1. the vocabulary quickly becomes very large.
2. models struggle with rare or unseen words, such as typos or new names.
3. morphologically rich languages (like german) create many variants of the same root word.

this is why we implement **subword tokenization**, splitting words into subwords to reduce total vocabulary size but retain the complex relations in the text.

- since the corpus that trains the tokenizer is almost entirely composed of english, the tokenization of other languages usually result in a higher vocab size, because the "chunks" are more broken up and we use a lot more tokens for the *exact same thing*, bloating the sequence length of the documents and overflowing the maximum context length of attention.


## byte-pair encoding
is a popular subowrd tokenization approach. the most common pair of bytes in a corpus are iteratively combined until the necessary vocabulary size is attained, creating a collection of subwords. 

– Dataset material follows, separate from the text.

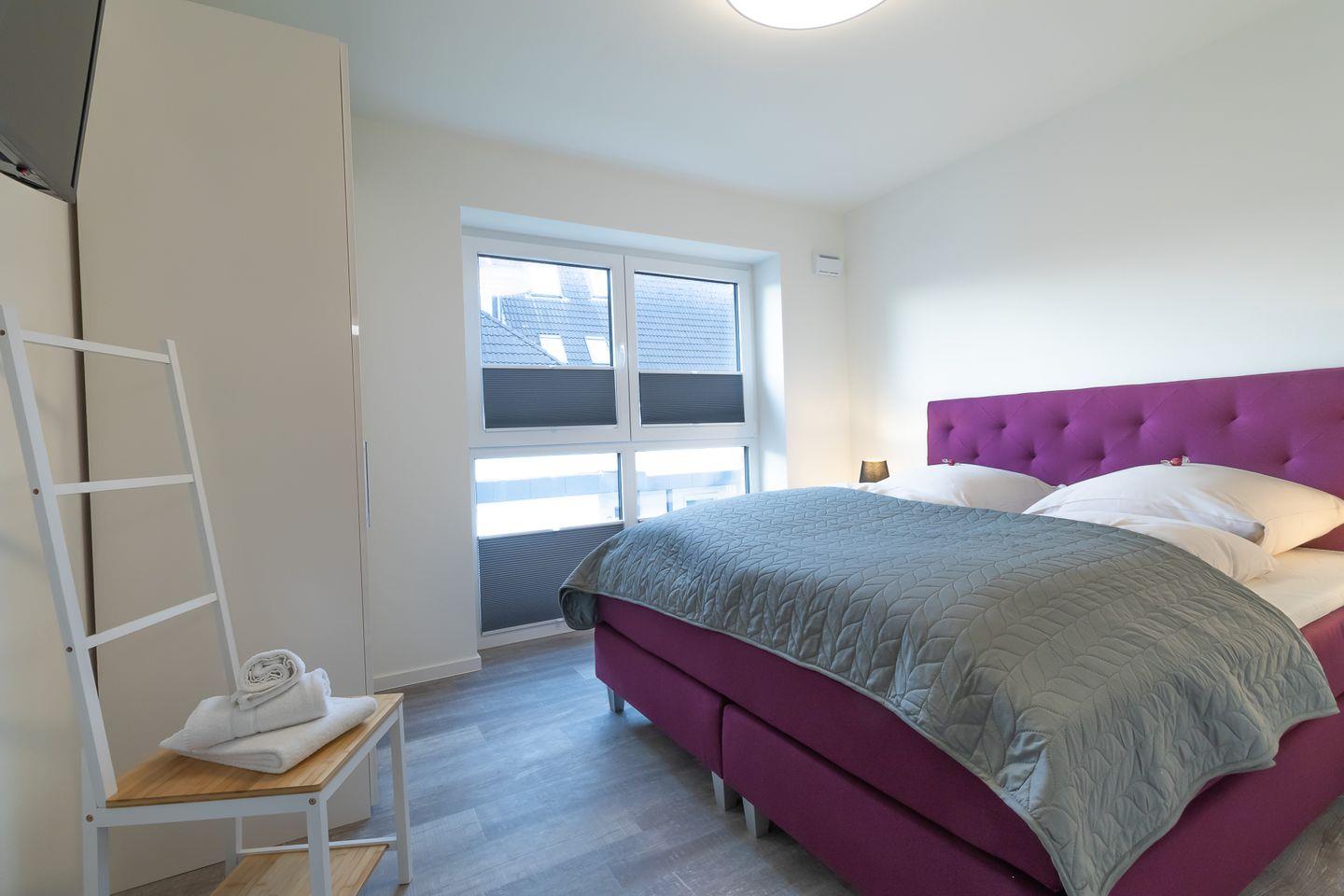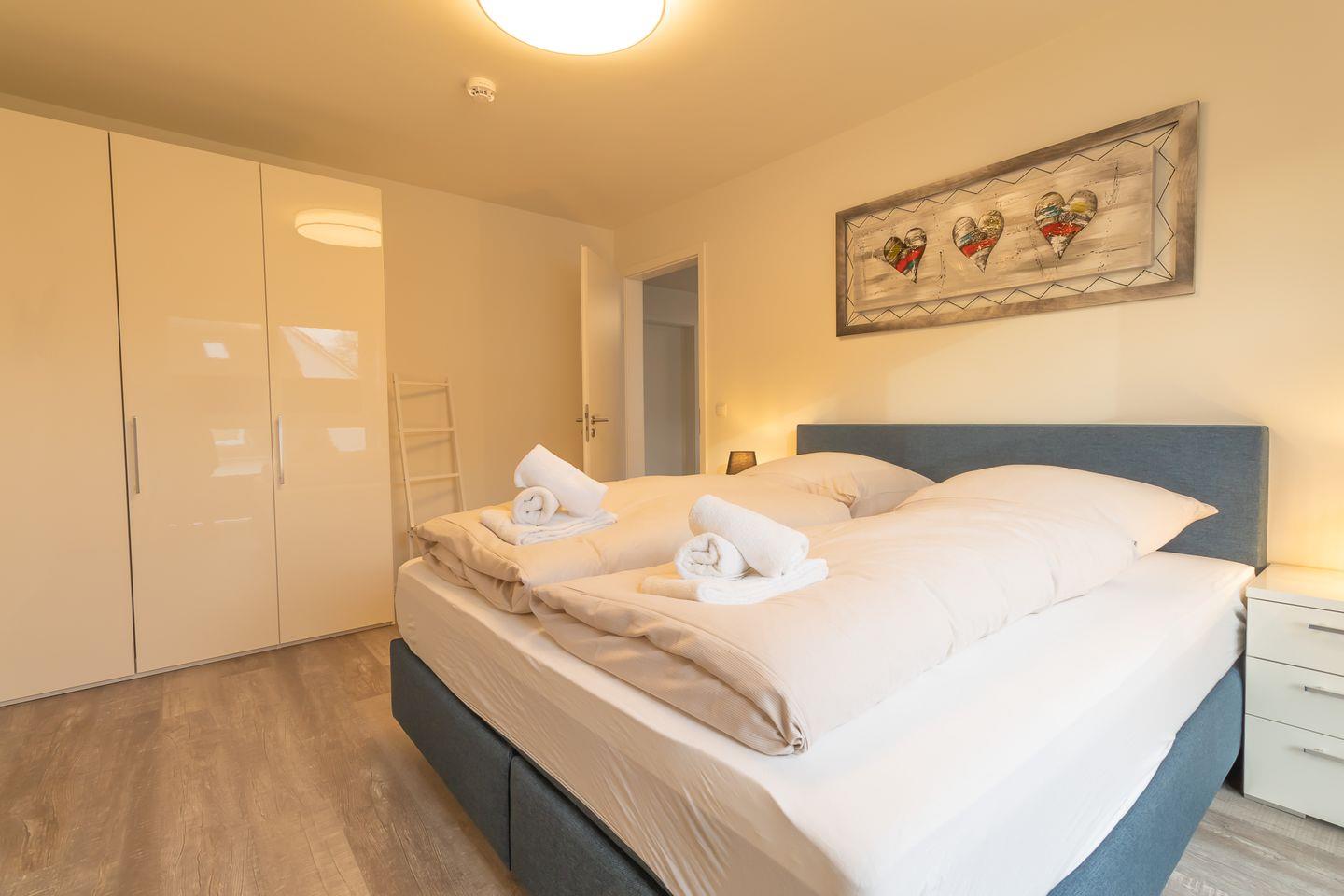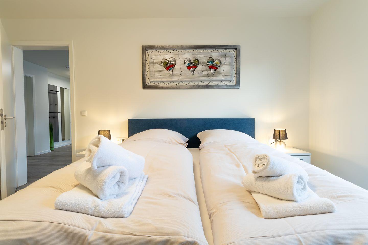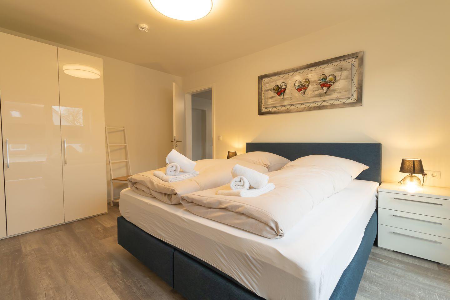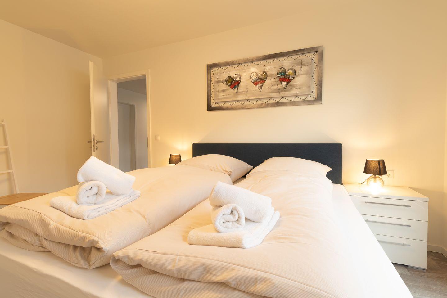 Zwei Schlafzimmer mit hochwertigen Boxspringbetten und eigenem TV sorgen für erholsame Nächte. Verdunkelungsplissees garantieren eine ruhige Schlafumgebung – perfekt für Paare, Freunde oder Familien.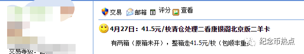 二羊的行情也不容乐观,目前大宗市场上二羊卷币的叫价在42元/枚,康银阁的二羊卡成交价在41.5元。目前的价格也接近历史底价了。

1. start with a base vocabulary of characters (ex. 'a','b','c',...).
2. represent each word as a sequence of characters + end-of-word symbol.
3. count the most frequent pair of symbols in the training data.
4. merge the most frequent pair into a new symbol and update all occurrences.
5. repeat 3-4 for a fixed number of merges or until the vocabulary reaches a certain size.

the main advantages of BPE is how well it adapts to rare words (by breaking them into known subwords) and how it limits vocabulary size. also, it remains robust across many languages.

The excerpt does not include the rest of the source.